Virtualization Technology News and Information
ClearSky Data 2017 Predictions: Enterprises will learn what hybrid cloud actually means, and deploy it

VMblog Predictions 2017

Virtualization and Cloud executives share their predictions for 2017.  Read them in this 9th annual series exclusive.

Contributed by Laz Vekiarides, chief technology officer and co-founder of ClearSky Data

In 2017: Enterprises will learn what hybrid cloud actually means, and deploy it

In the enterprise technology world, 2017 will likely see profits increase and IPOs revive while the market stabilizes as a whole. Mergers and acquisitions among major players such as Dell, EMC and HP created a period of settling and unpredictability in recent years. However, as M&A activity picks up again in 2017, startups will tackle new opportunities while organizations adopt solutions that recently seemed to have no place in the enterprise, such as multicloud strategies and container technology.

In the midst of this activity, below are some trends we expect to drive enterprise priorities in 2017.

1. "Hybrid cloud" automatically means "multicloud."
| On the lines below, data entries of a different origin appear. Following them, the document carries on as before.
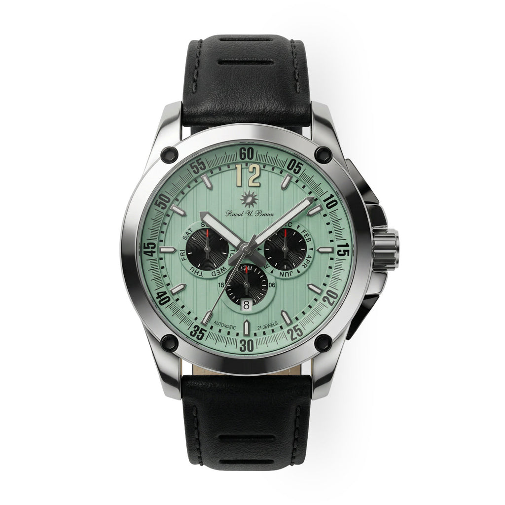 Die Raoul U. Braun Automatikuhr RUB05-0431-SL-mint-s richtet sich an Herren, die sportliche Technik mit modernem Design verbinden möchten. Das 47-mm-Edelstahlgehäuse wird durch schwarze Nieten auf der Lünette sowie seitlich gefräste IPBlack-Akzente dynamisch inszeniert und sorgt für einen kraftvollen Auftritt am Handgelenk.
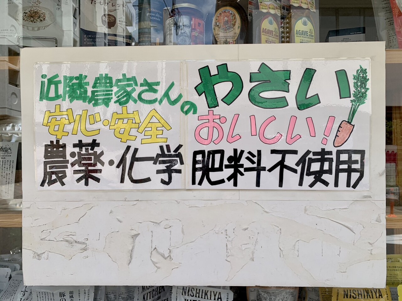 顔の見える生産者さんとのつながりを大切にしてる店主が、おいしさと安心・安全をお客さまに伝えられるよう、イラスト入りのていねいなPOPで商品を紹介しています。
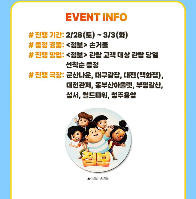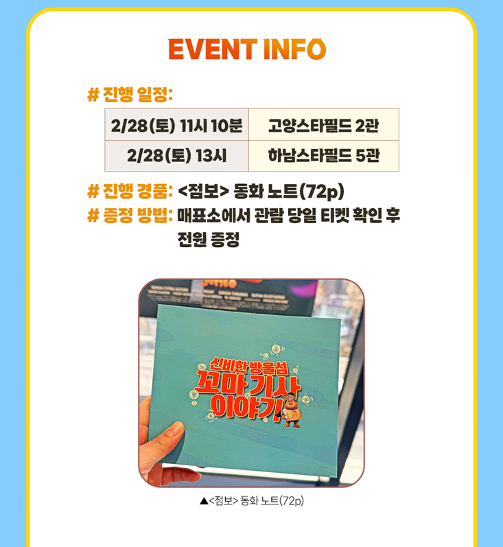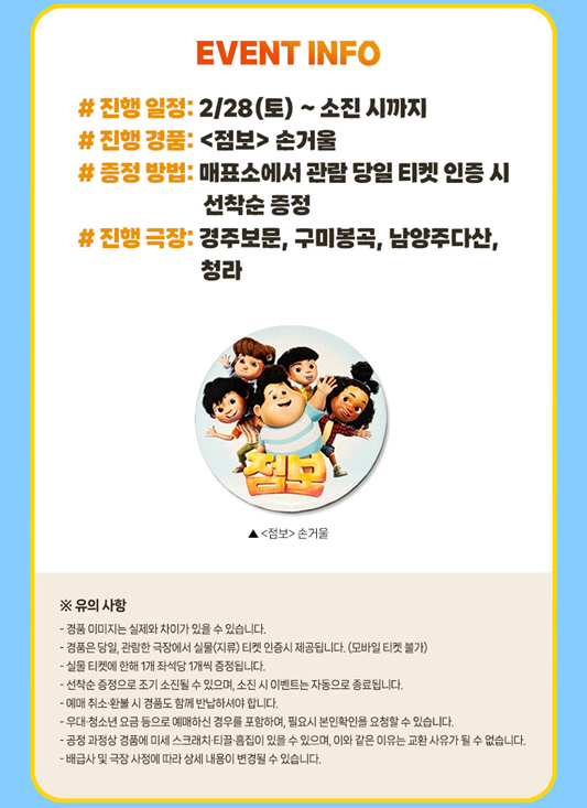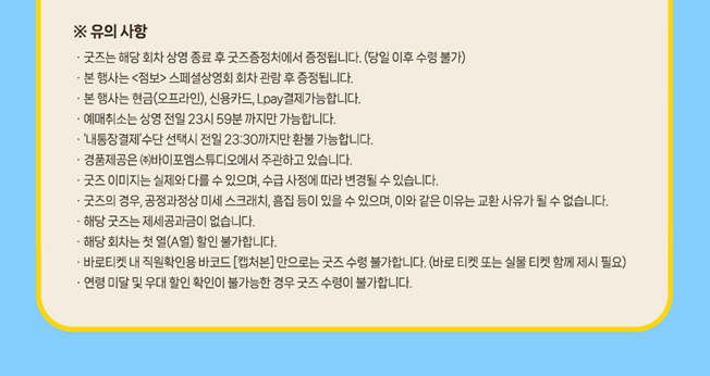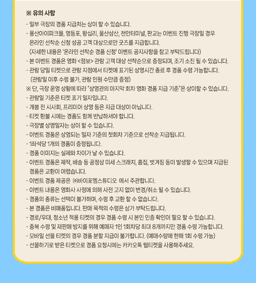CGV 상영관 중 왕십리, 울산삼산 지점은 '온라인 선착선 경품 신청 고객'에게만 특전을 지급합니다. 따라서 특전을 수령하시려면 미리 신청하셔야 합니다. 그 외의 이벤트 상영관 지점은 '별도의 신청 없이 관람 후'에 특전을 수령하시길 바랍니다.

It's common sense: you likely wouldn't store all of your valuables in the same safe-deposit box, and your enterprise would likely prefer to avoid giving ownership of its sensitive data to a single cloud provider. Standardizing a single vendor for something as sensitive as data assets smacks of vendor lock-in situations from on-premise technologies of the past. To manage this risk, organizations that venture into public cloud territory are looking for strategies to employ multiple cloud service providers. While Amazon is the most prominent, Microsoft Azure, Google Cloud, IBM SoftLayer and others are gaining traction. While the "Clouderati" are busy turning their noses up at VMware's recent partnership with AWS focusing on multicloud support, the new AWS/vSphere service will be one of the most successful product introductions in recent history from VMware.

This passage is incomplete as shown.